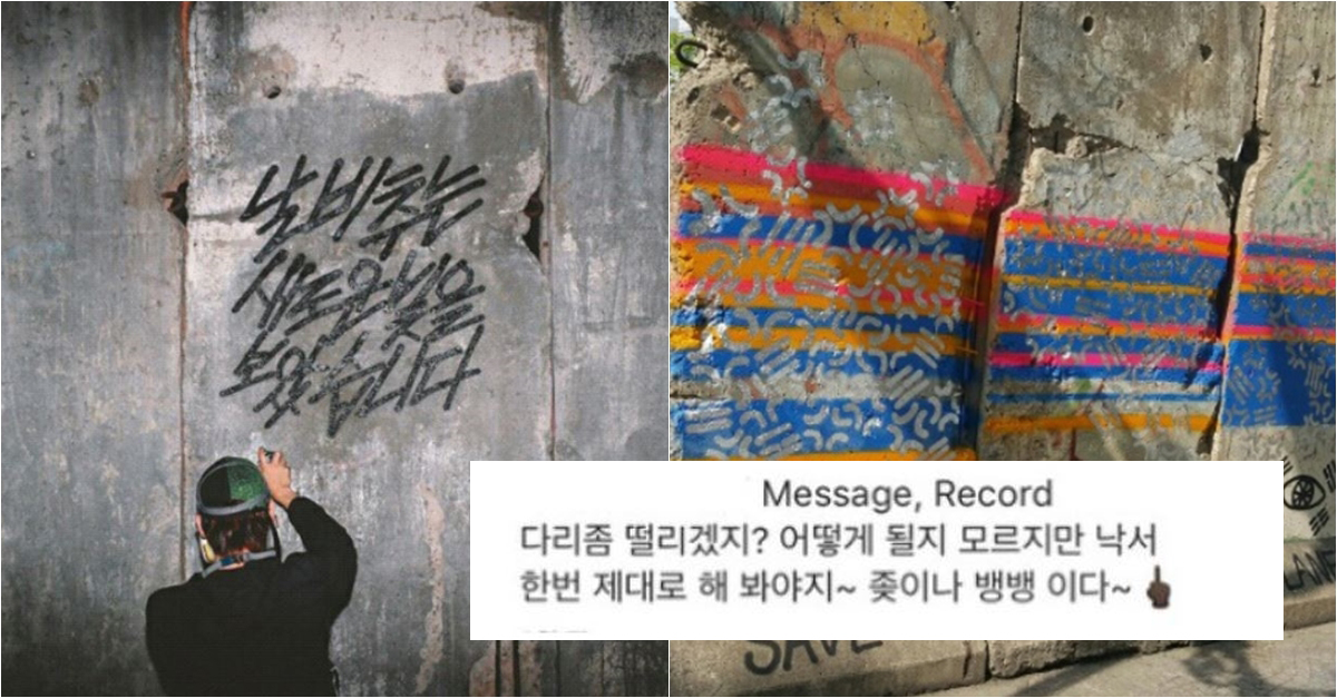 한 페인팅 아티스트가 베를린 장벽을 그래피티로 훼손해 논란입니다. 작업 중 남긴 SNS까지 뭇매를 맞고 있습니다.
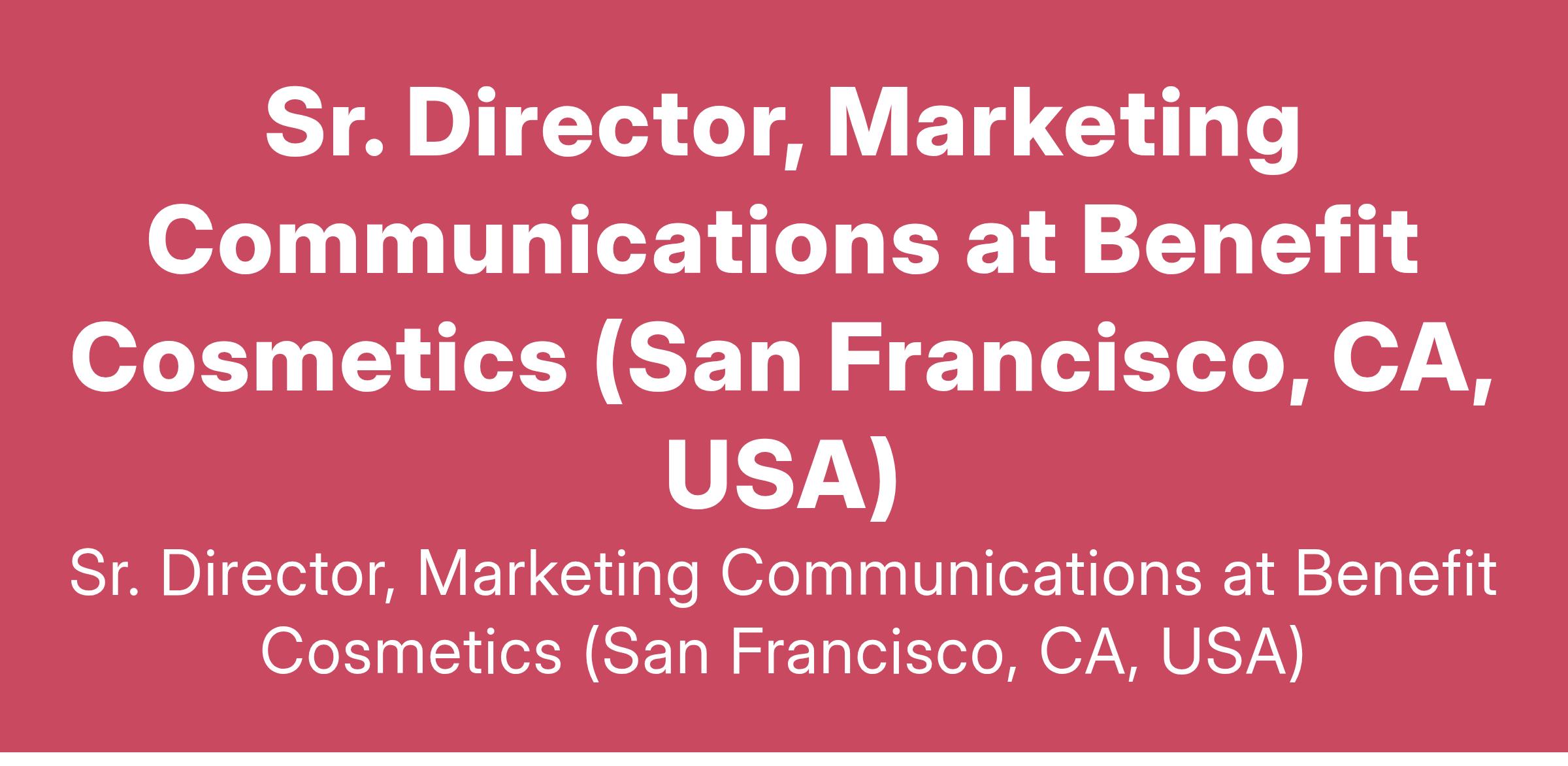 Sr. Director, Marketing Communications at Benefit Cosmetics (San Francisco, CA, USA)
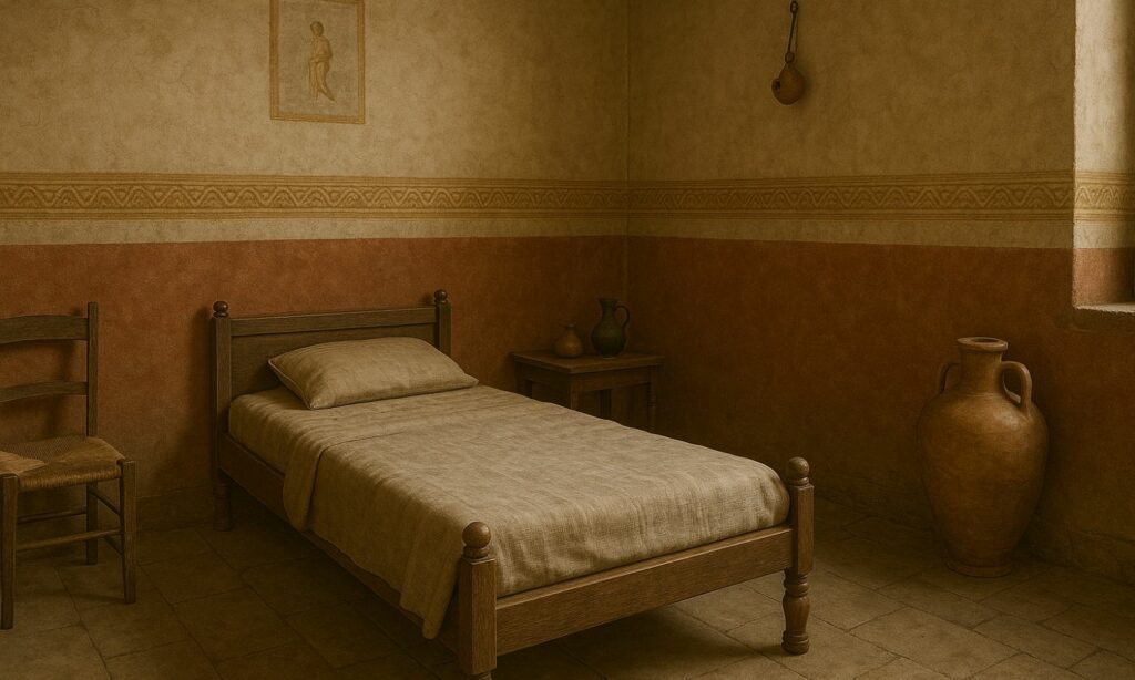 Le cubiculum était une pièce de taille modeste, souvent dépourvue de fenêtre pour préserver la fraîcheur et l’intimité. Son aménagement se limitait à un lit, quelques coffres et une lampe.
········
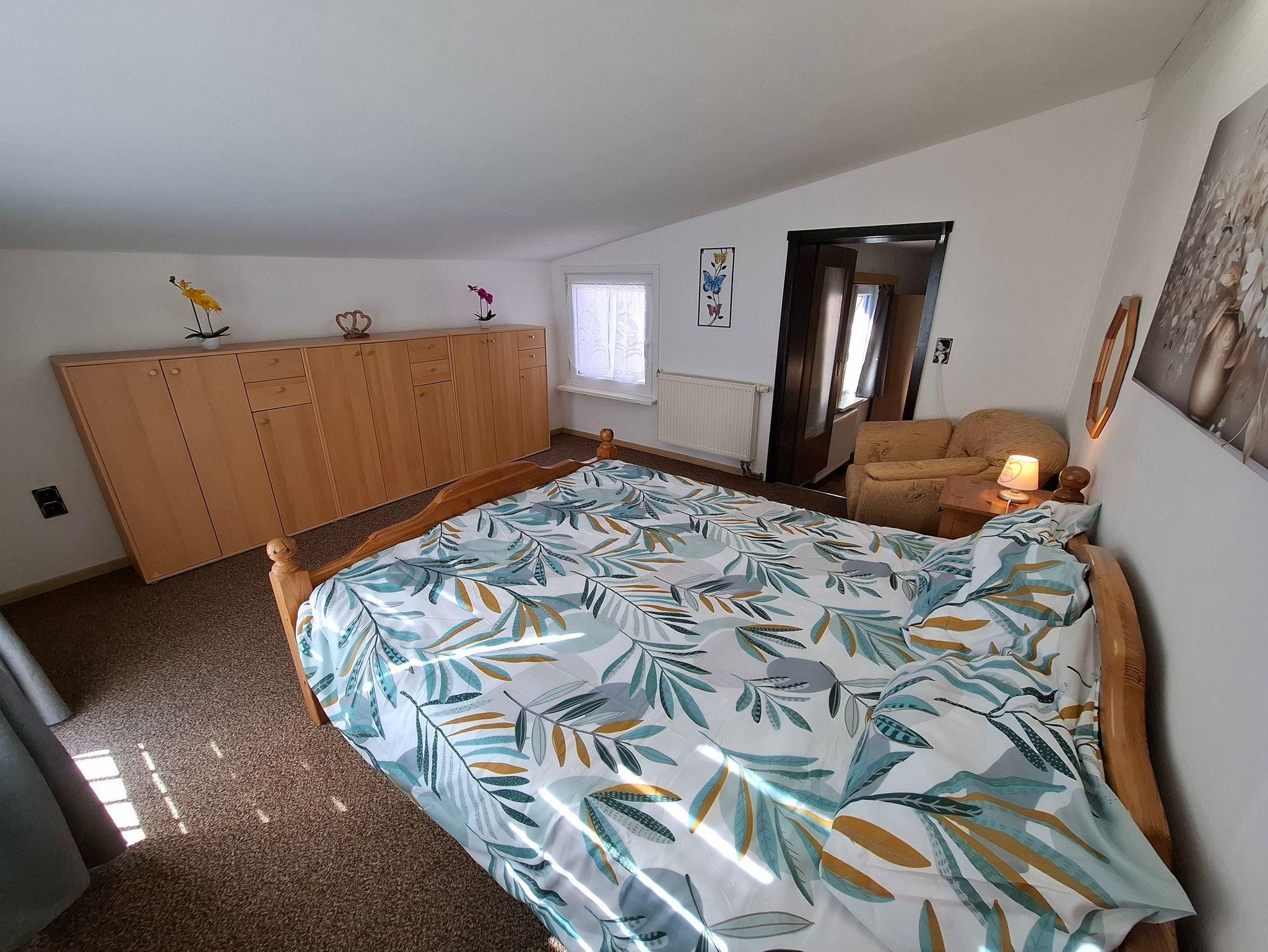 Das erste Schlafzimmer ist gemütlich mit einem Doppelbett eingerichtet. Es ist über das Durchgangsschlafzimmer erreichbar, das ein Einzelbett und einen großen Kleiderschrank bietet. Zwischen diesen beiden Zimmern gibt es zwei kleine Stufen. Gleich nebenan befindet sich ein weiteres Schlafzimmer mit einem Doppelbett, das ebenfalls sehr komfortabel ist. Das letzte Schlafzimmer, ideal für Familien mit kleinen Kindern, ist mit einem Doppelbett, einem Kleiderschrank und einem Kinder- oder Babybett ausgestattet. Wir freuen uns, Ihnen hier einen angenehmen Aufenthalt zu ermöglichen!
········
**Required action:** Lines wanted from the entries above: the one with "Sr. Director, Marketing", the one with "Le cubiculum était", and all lines between. Please copy them exactly, without the pictures and without anything else.

**Solution below:**
 Sr. Director, Marketing Communications at Benefit Cosmetics (San Francisco, CA, USA)
 Le cubiculum était une pièce de taille modeste, souvent dépourvue de fenêtre pour préserver la fraîcheur et l’intimité. Son aménagement se limitait à un lit, quelques coffres et une lampe.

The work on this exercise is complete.